**RECORDS PROVIDED**
┄┄┄┄┄┄

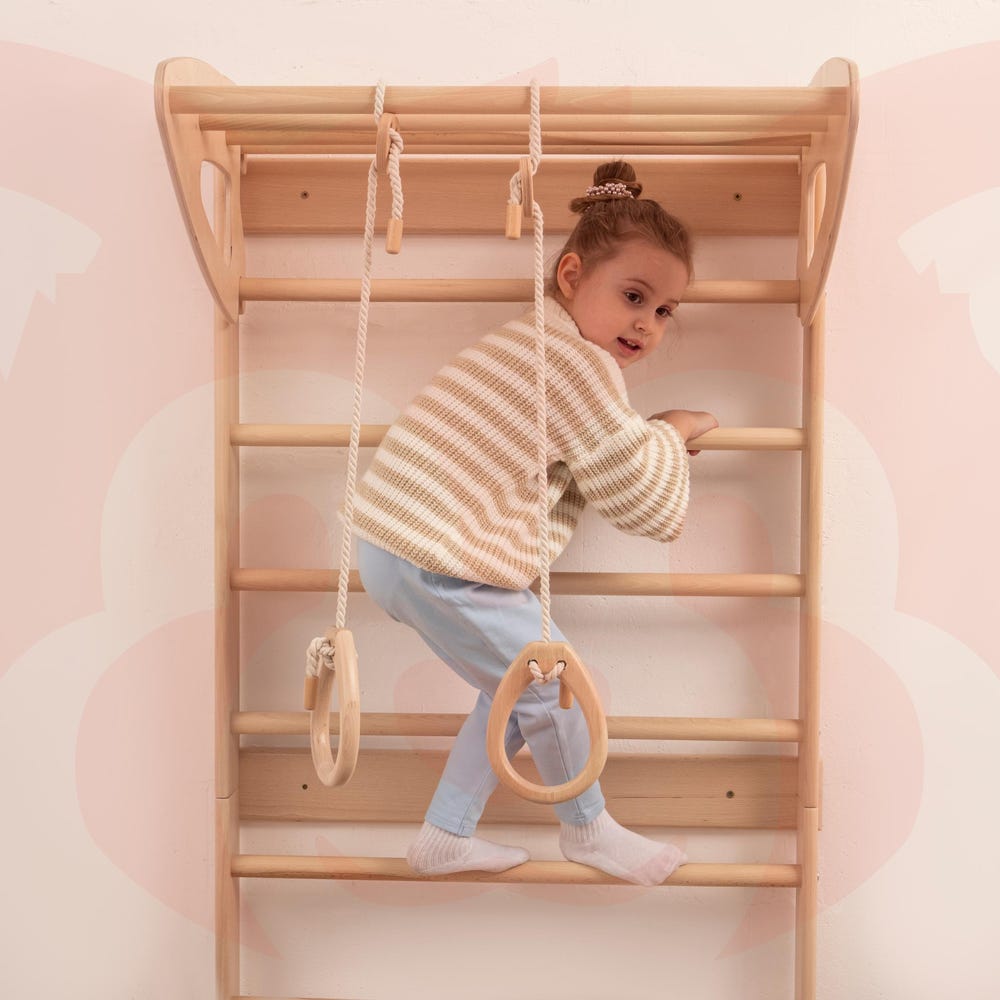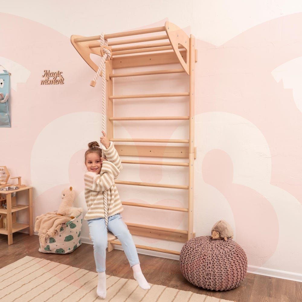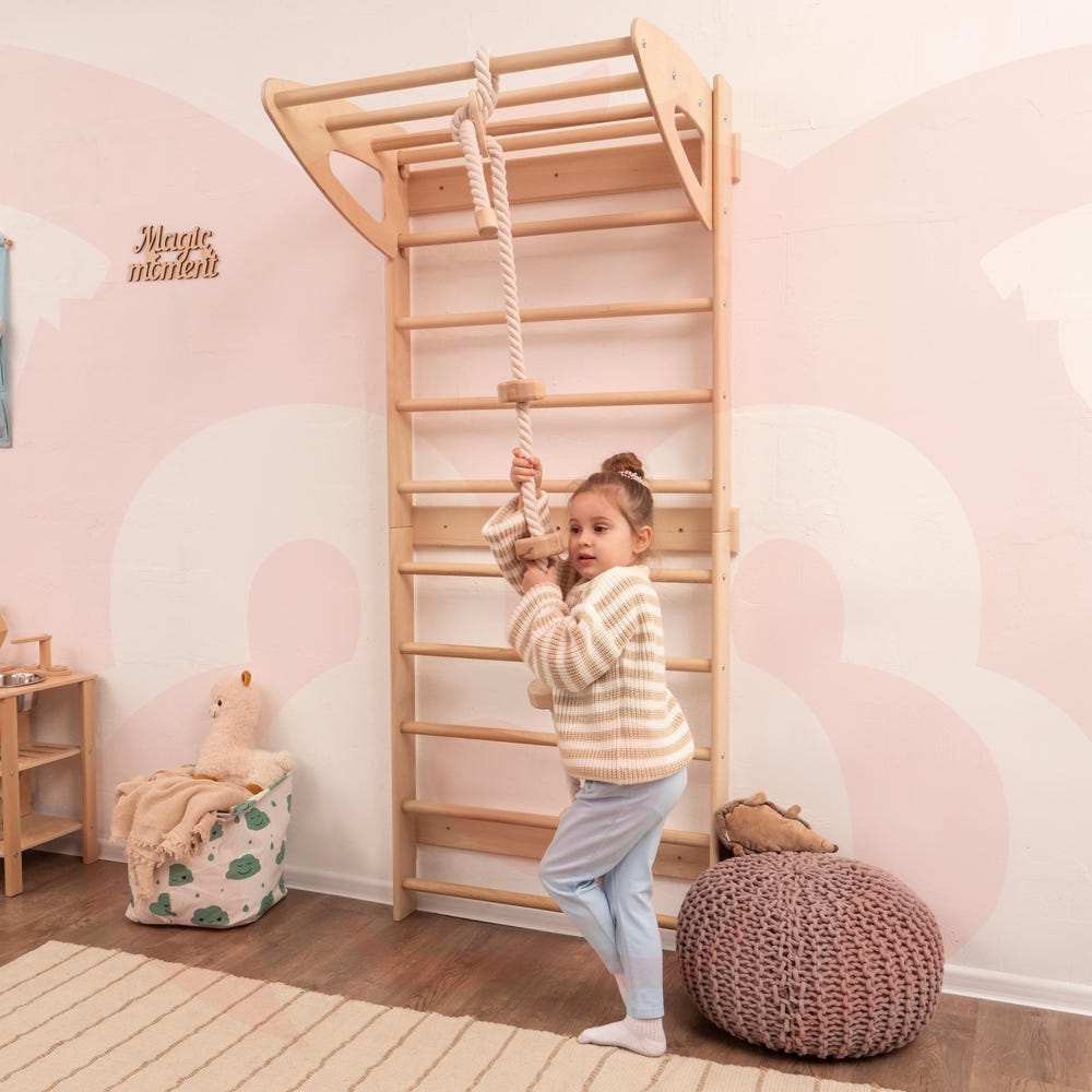 Montessori Toddler Swedish Ladder with Optional Rope Accessories: Waldorf Climbing Rope&Ladder, Baby Swing, Monkey Bars
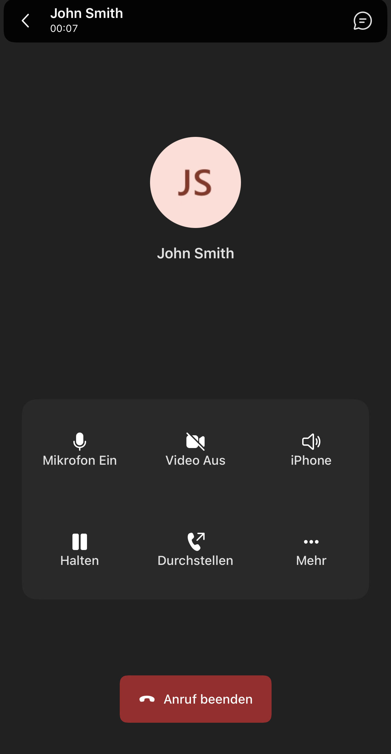 Während eines Gesprächs werden die wichtigsten Steuerungselemente in der Anrufansicht angezeigt:
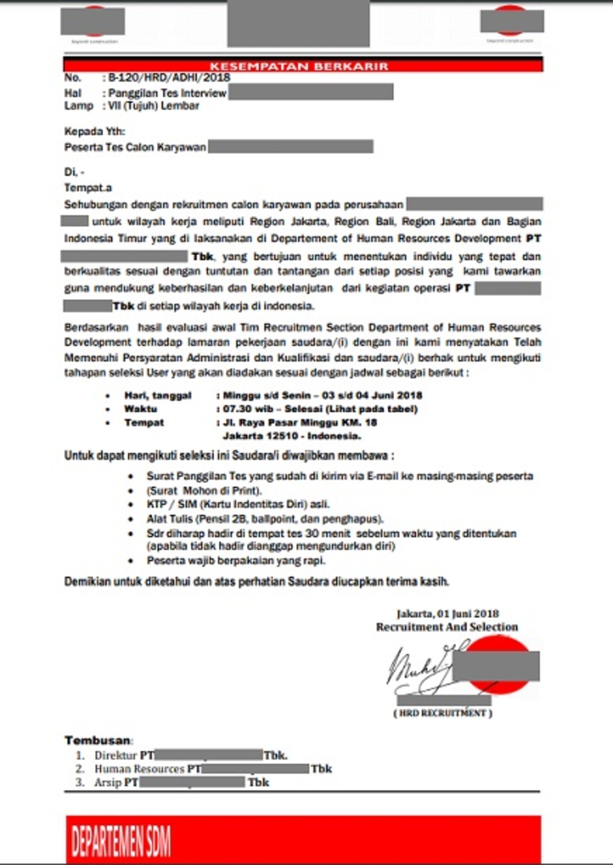Jika anda merasa sudah ada orang yang pas dengan kriteria yang anda butuhkan, maka anda pun bisa membalas surat lamaran kerja tersebut dengan surat undangan test ataupun surat undangan wawancara.
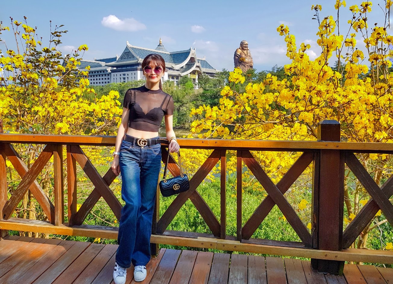 湖畔美景~黃花風鈴木季節限定 增色不少
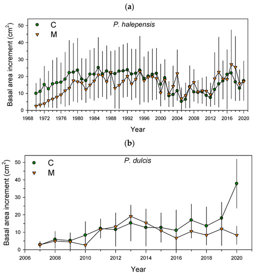 Figure 3. Tree growth (basal area increment) in control (C, green circles) and manure-applied (M, orange triangles) trees of the two study species: (a) P. halepensis; (b) P dulcis. Values are means ± SD.
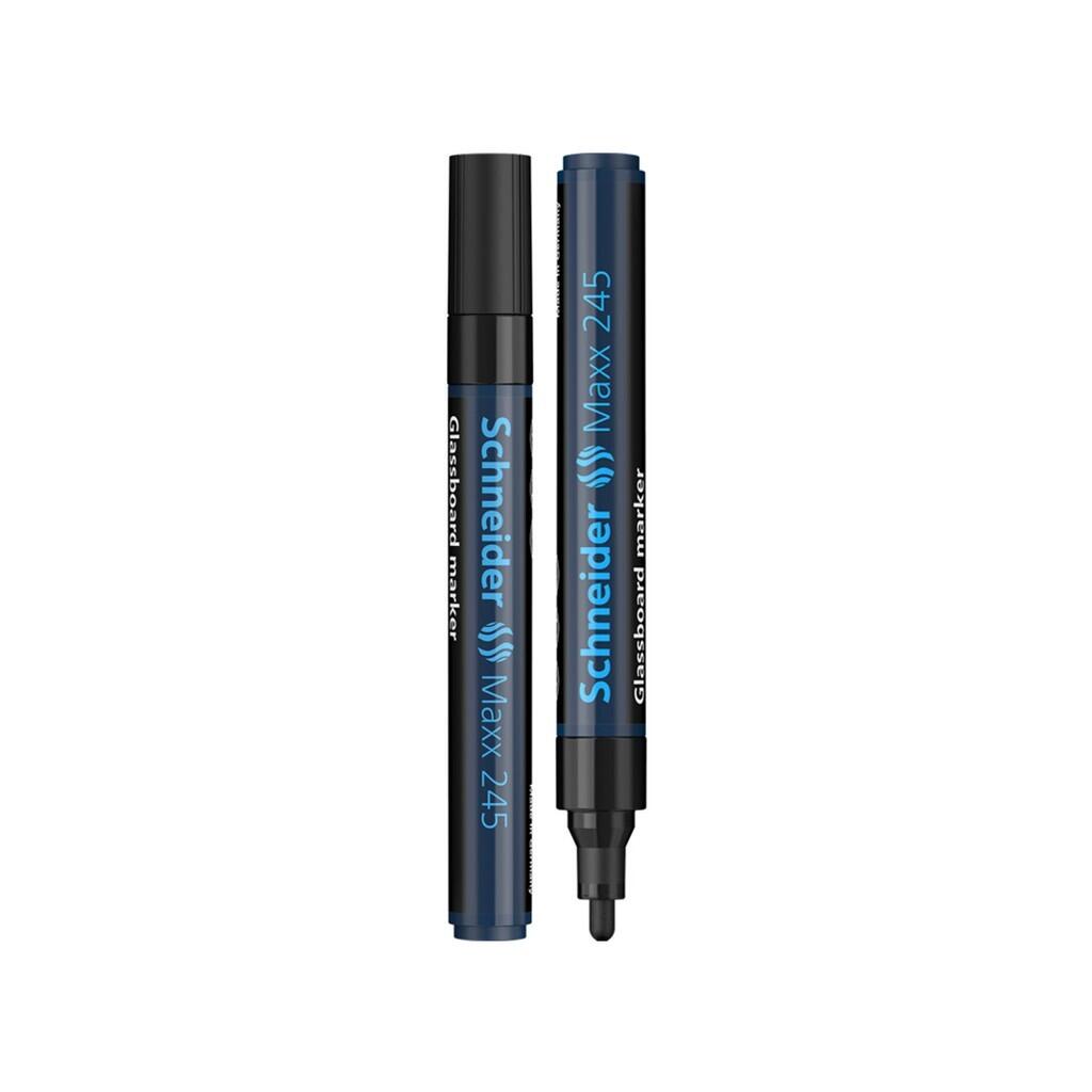 Markerele pentru sticlă Schneider Maxx 245 dispun de un vârf rotund, ideal pentru suprafețele lucioase și tabla de sticlă.
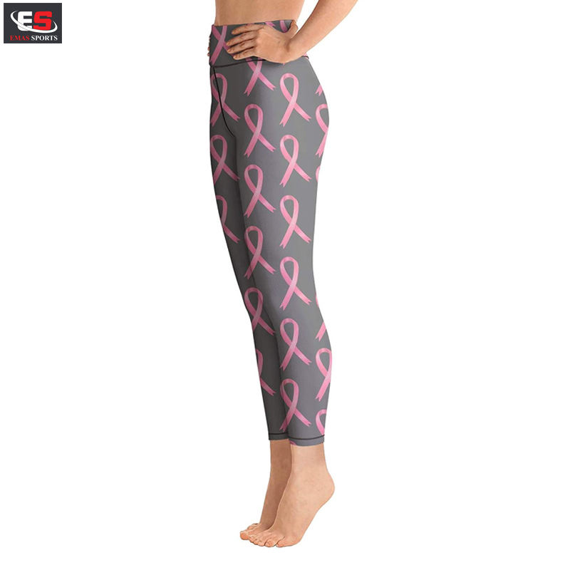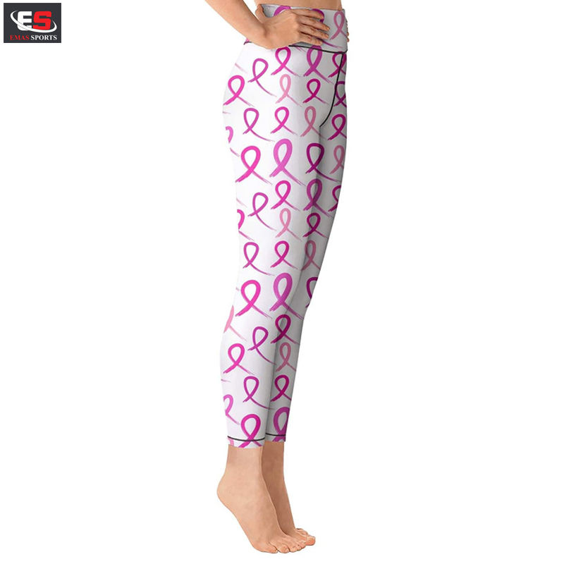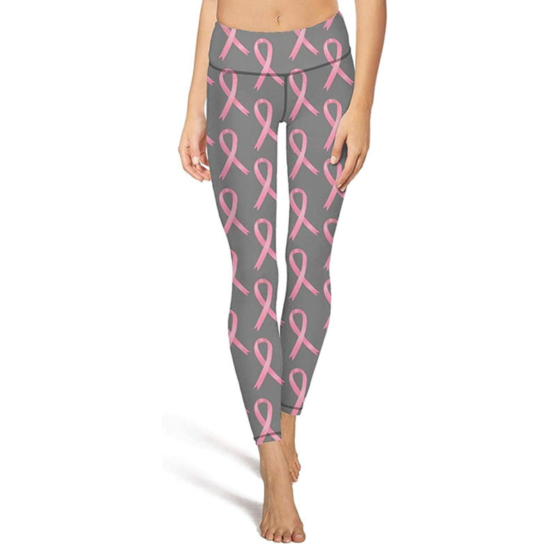High Waist Pink Ribbon Leggings for Active Women Comfortable Breast Cancer Awareness Gym Wear Run for the Cure
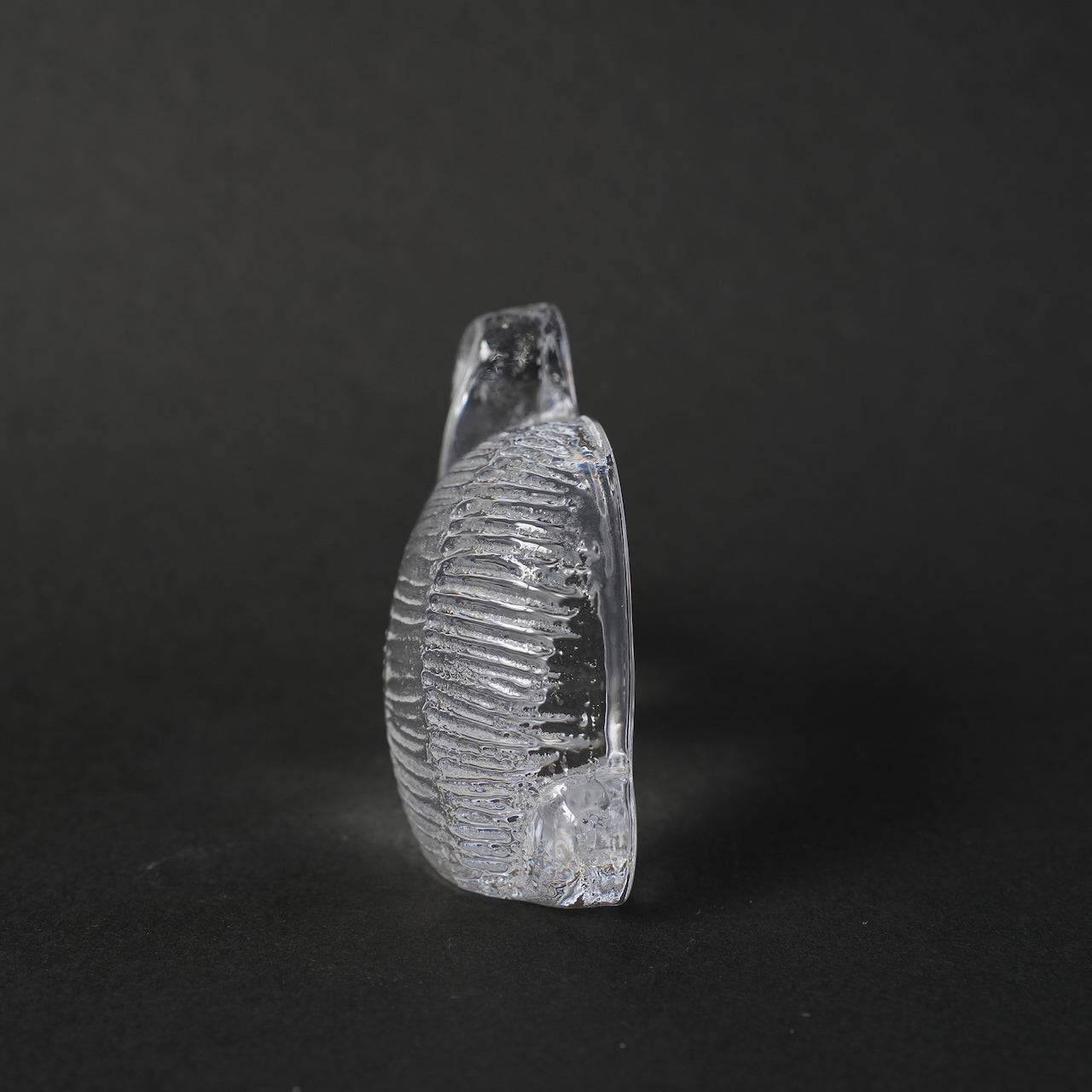 リサ・ラーソンが1980年代にデザインしたクリスタルガラス製の置物です。リサ・ラーソンは1980年に古巣のグスタフスベリ社を退社した後、フリーランスのデザイナーとしてヨーロッパ各国の企業からの依頼を受けていました。こちらはフリーの時期にスウェーデン国内のローヤルクローナというガラスメーカーから依頼され制作したガラスのオブジェとなります。
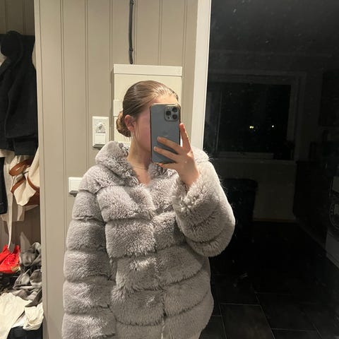 Selger denne fantastisk myke fuskepelsjakken i offwhite farge. Stor og god hette og med lengde som går midt på låret. Trykknapper og en hempe foran, stikklommer på sidene.
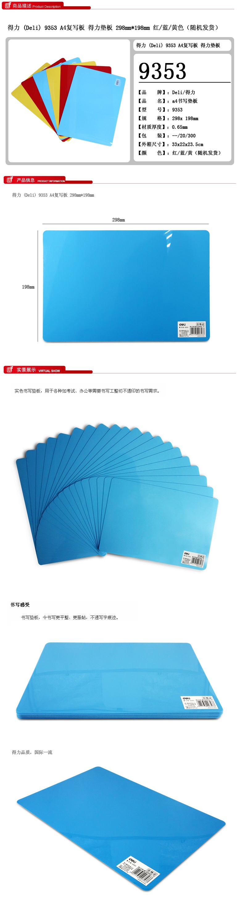 • 商品名稱:得力(deli)復(fù)寫板 A4 9353(298*198mm,20塊/包)
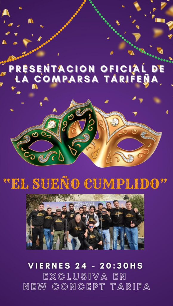 En Tarifa, se prevé que este próximo viernes 24 de febrero La Comparsa Tarifeña («El sueño cumplido») haga de forma oficial su presentación. Se trata de un evento que tendrá lugar a partir de las 20:30 horas en ‘New Concept Tarifa’. Para todos aquellos que deseen asistir deben saber que habrá una barra con cerveza y comida para los asistentes, tal y como asegura la organización del evento.
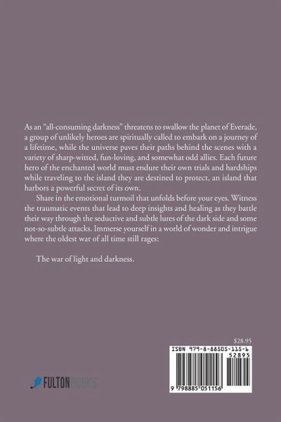 As an "all-consuming darkness" threatens to swallow the planet of Everade, a group of unlikely heroes are spiritually called to embark on a journey of a lifetime, while the universe paves their paths behind the scenes with a variety of sharp-witted, fun-loving, and somewhat odd allies. Each future hero of the enchanted world must endure their own trials and hardships while traveling to the island they are destined to protect, an island that harbors a powerful secret of its own. Share in the emotional turmoil that unfolds before your eyes. Witness the traumatic events that lead to deep insights and healing as they battle their way through the seductive and subtle lures of the dark side and some not-so-subtle attacks. Immerse yourself in a world of wonder and intrigue where the oldest war of all time still rages: The war of light and darkness.
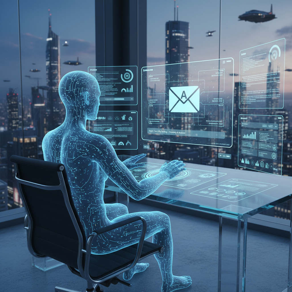 Alt: Futuristic photo of an AI avatar assisting a knowledge worker at a digital workstation, symbolizing an AI teammate collaborating on email tasks.

┄┄┄┄┄┄

Reproduce the data above in full, exactly as it is, with the pictures left out.

 Montessori Toddler Swedish Ladder with Optional Rope Accessories: Waldorf Climbing Rope&Ladder, Baby Swing, Monkey Bars
 Während eines Gesprächs werden die wichtigsten Steuerungselemente in der Anrufansicht angezeigt:
Jika anda merasa sudah ada orang yang pas dengan kriteria yang anda butuhkan, maka anda pun bisa membalas surat lamaran kerja tersebut dengan surat undangan test ataupun surat undangan wawancara.
 湖畔美景~黃花風鈴木季節限定 增色不少
 Figure 3. Tree growth (basal area increment) in control (C, green circles) and manure-applied (M, orange triangles) trees of the two study species: (a) P. halepensis; (b) P dulcis. Values are means ± SD.
 Markerele pentru sticlă Schneider Maxx 245 dispun de un vârf rotund, ideal pentru suprafețele lucioase și tabla de sticlă.
High Waist Pink Ribbon Leggings for Active Women Comfortable Breast Cancer Awareness Gym Wear Run for the Cure
 リサ・ラーソンが1980年代にデザインしたクリスタルガラス製の置物です。リサ・ラーソンは1980年に古巣のグスタフスベリ社を退社した後、フリーランスのデザイナーとしてヨーロッパ各国の企業からの依頼を受けていました。こちらはフリーの時期にスウェーデン国内のローヤルクローナというガラスメーカーから依頼され制作したガラスのオブジェとなります。
 Selger denne fantastisk myke fuskepelsjakken i offwhite farge. Stor og god hette og med lengde som går midt på låret. Trykknapper og en hempe foran, stikklommer på sidene.
 • 商品名稱:得力(deli)復(fù)寫板 A4 9353(298*198mm,20塊/包)
 En Tarifa, se prevé que este próximo viernes 24 de febrero La Comparsa Tarifeña («El sueño cumplido») haga de forma oficial su presentación. Se trata de un evento que tendrá lugar a partir de las 20:30 horas en ‘New Concept Tarifa’. Para todos aquellos que deseen asistir deben saber que habrá una barra con cerveza y comida para los asistentes, tal y como asegura la organización del evento.
 As an "all-consuming darkness" threatens to swallow the planet of Everade, a group of unlikely heroes are spiritually called to embark on a journey of a lifetime, while the universe paves their paths behind the scenes with a variety of sharp-witted, fun-loving, and somewhat odd allies. Each future hero of the enchanted world must endure their own trials and hardships while traveling to the island they are destined to protect, an island that harbors a powerful secret of its own. Share in the emotional turmoil that unfolds before your eyes. Witness the traumatic events that lead to deep insights and healing as they battle their way through the seductive and subtle lures of the dark side and some not-so-subtle attacks. Immerse yourself in a world of wonder and intrigue where the oldest war of all time still rages: The war of light and darkness.
 Alt: Futuristic photo of an AI avatar assisting a knowledge worker at a digital workstation, symbolizing an AI teammate collaborating on email tasks.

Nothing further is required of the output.